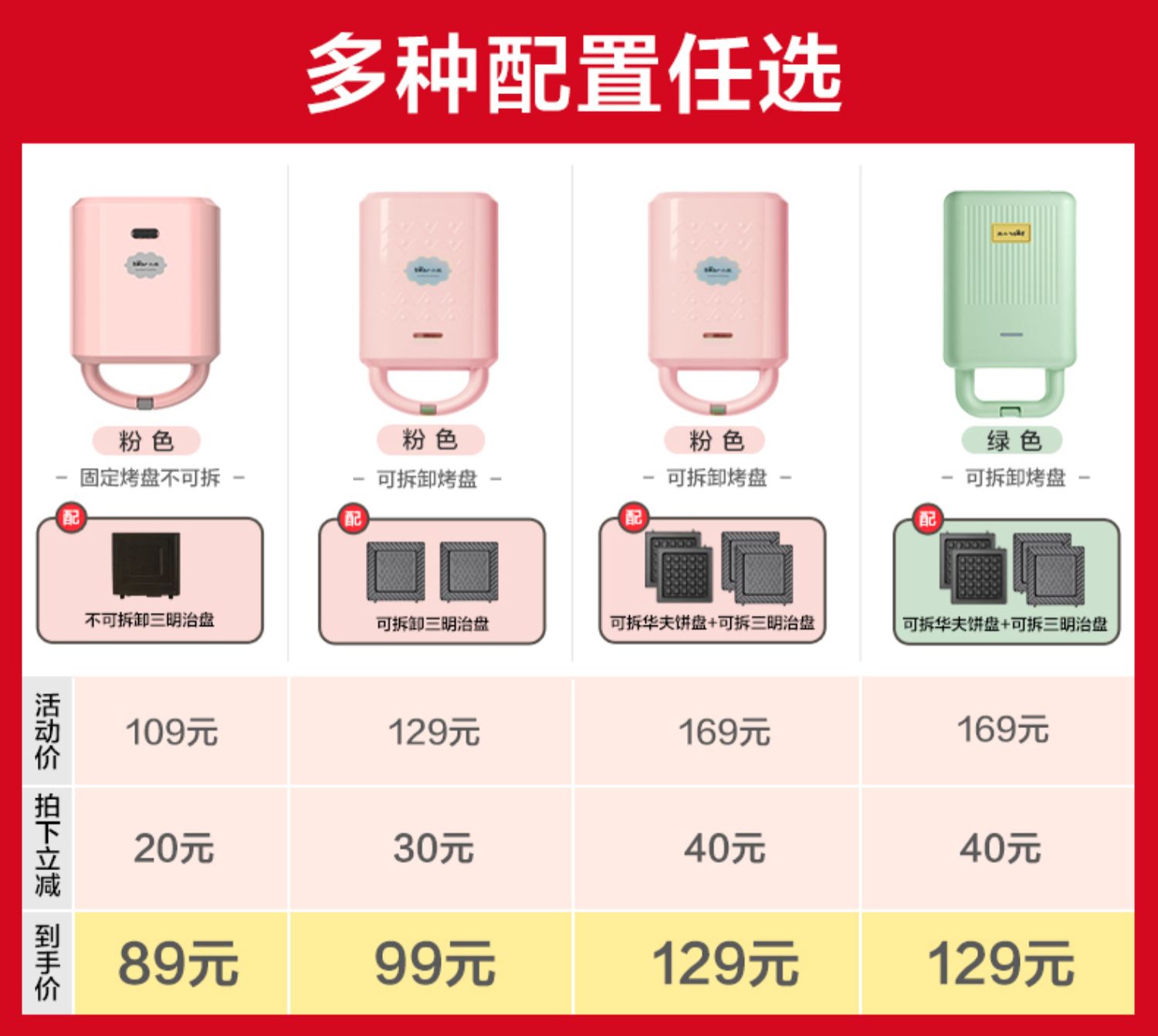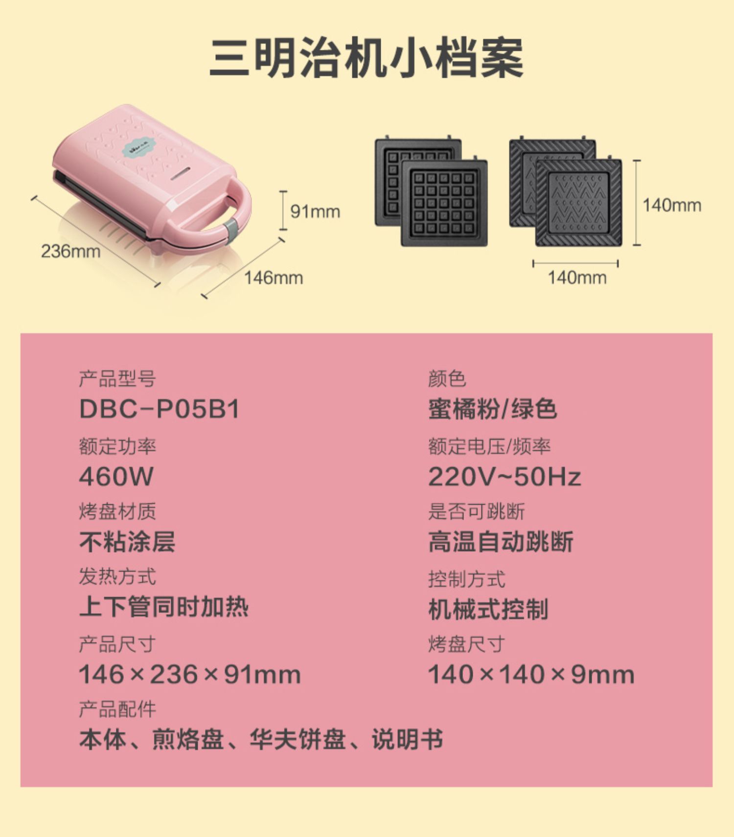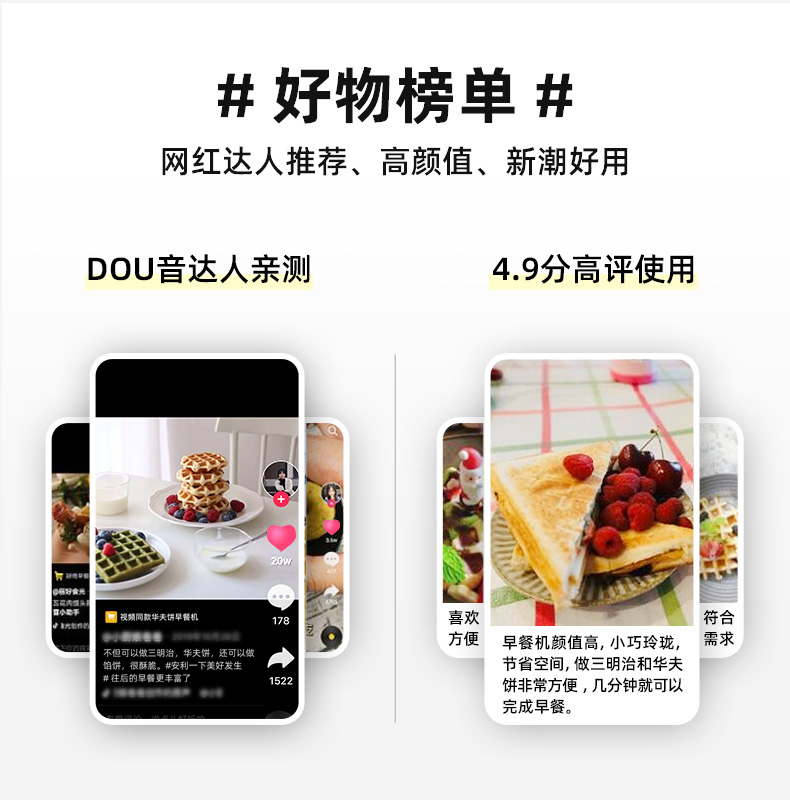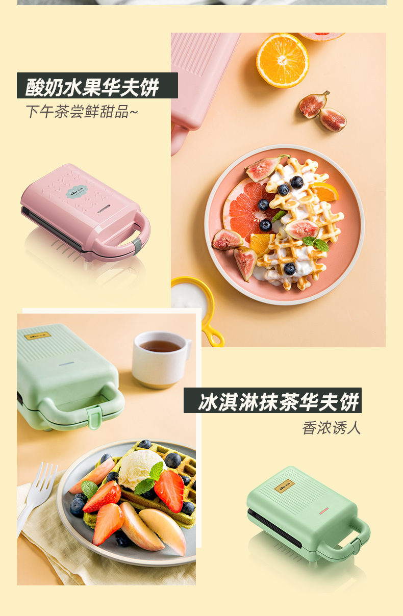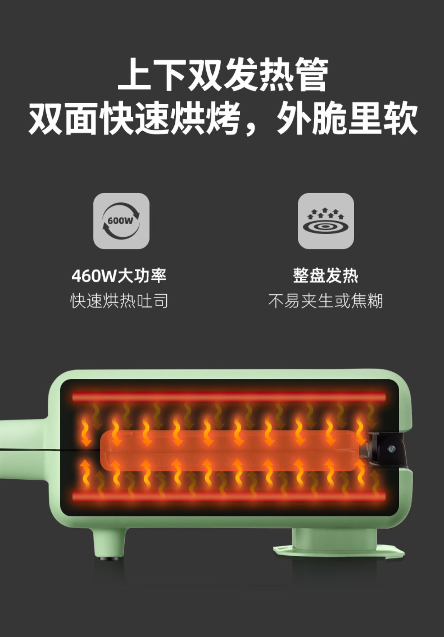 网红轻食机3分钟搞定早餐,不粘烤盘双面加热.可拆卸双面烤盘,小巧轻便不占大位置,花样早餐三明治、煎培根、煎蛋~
==============================
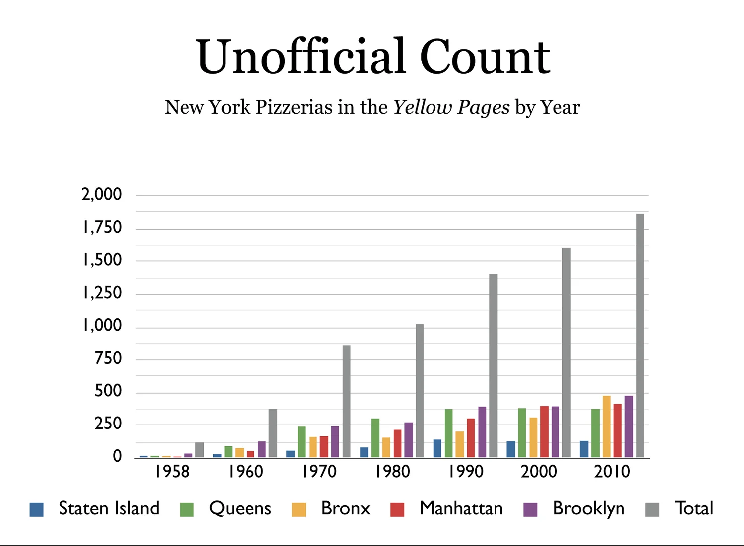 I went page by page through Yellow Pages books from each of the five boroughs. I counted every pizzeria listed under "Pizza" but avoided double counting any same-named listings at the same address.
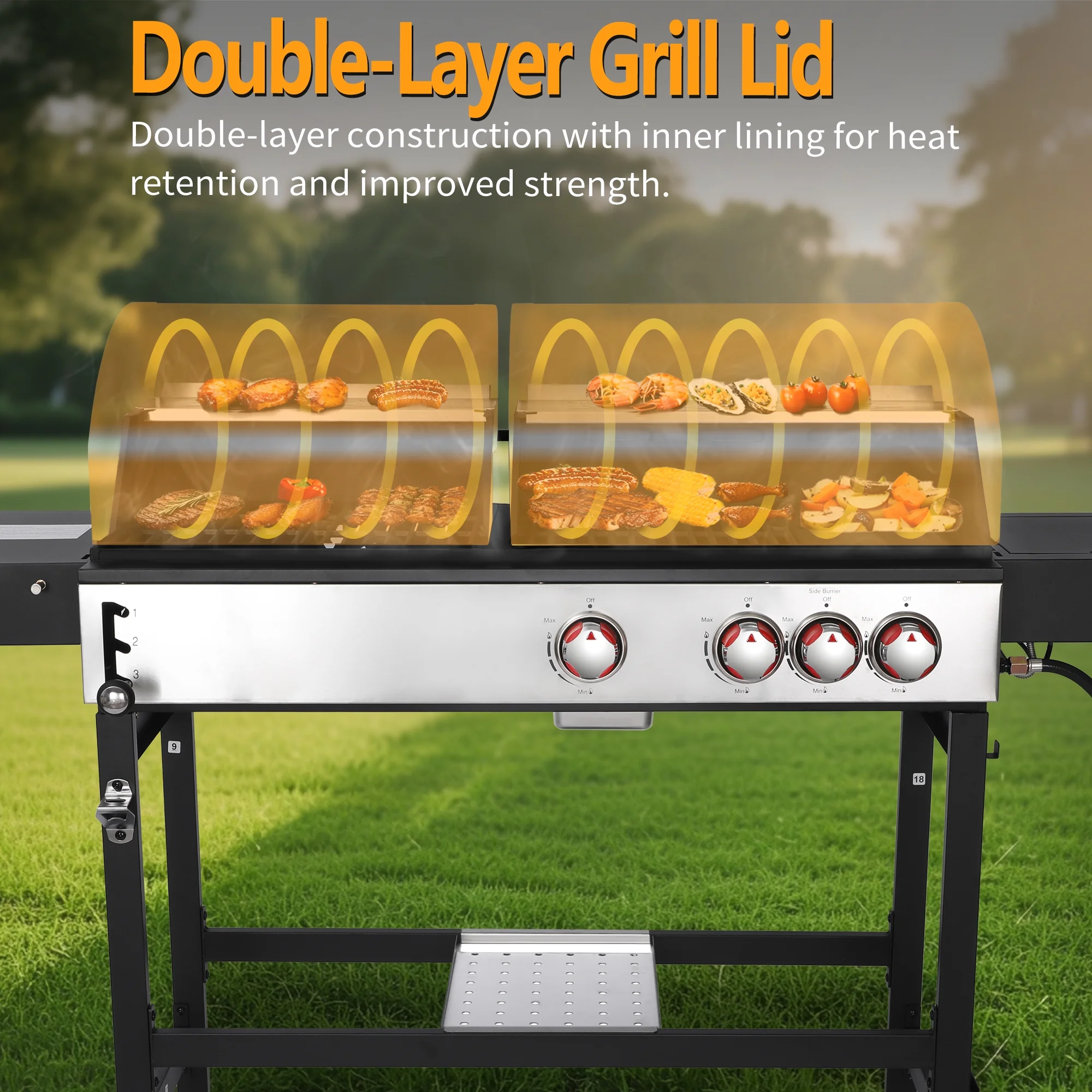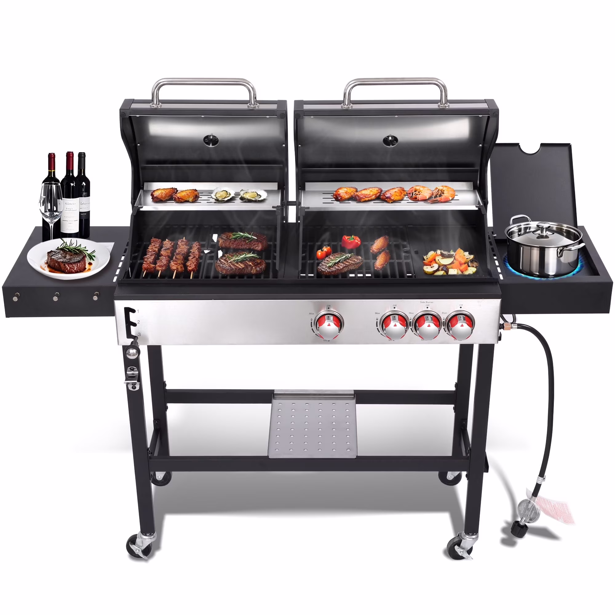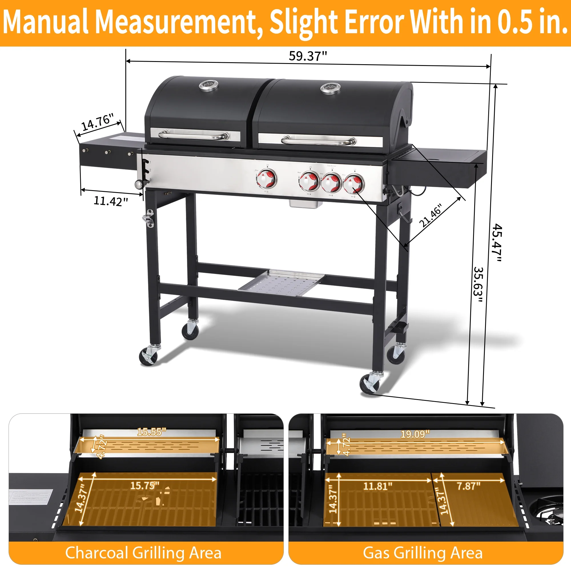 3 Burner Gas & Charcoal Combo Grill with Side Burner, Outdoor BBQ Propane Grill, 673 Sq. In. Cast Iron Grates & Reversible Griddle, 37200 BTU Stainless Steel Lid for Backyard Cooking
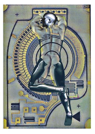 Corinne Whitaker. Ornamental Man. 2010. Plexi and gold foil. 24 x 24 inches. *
==============================
§ **BRIEF**: Would you write out exactly the lines above, starting at the line containing "I went page" and stopping after the line containing "Corinne Whitaker. Ornamental"? Omit the pictures.

§ **ANSWER**:
 I went page by page through Yellow Pages books from each of the five boroughs. I counted every pizzeria listed under "Pizza" but avoided double counting any same-named listings at the same address.
 3 Burner Gas & Charcoal Combo Grill with Side Burner, Outdoor BBQ Propane Grill, 673 Sq. In. Cast Iron Grates & Reversible Griddle, 37200 BTU Stainless Steel Lid for Backyard Cooking
 Corinne Whitaker. Ornamental Man. 2010. Plexi and gold foil. 24 x 24 inches. *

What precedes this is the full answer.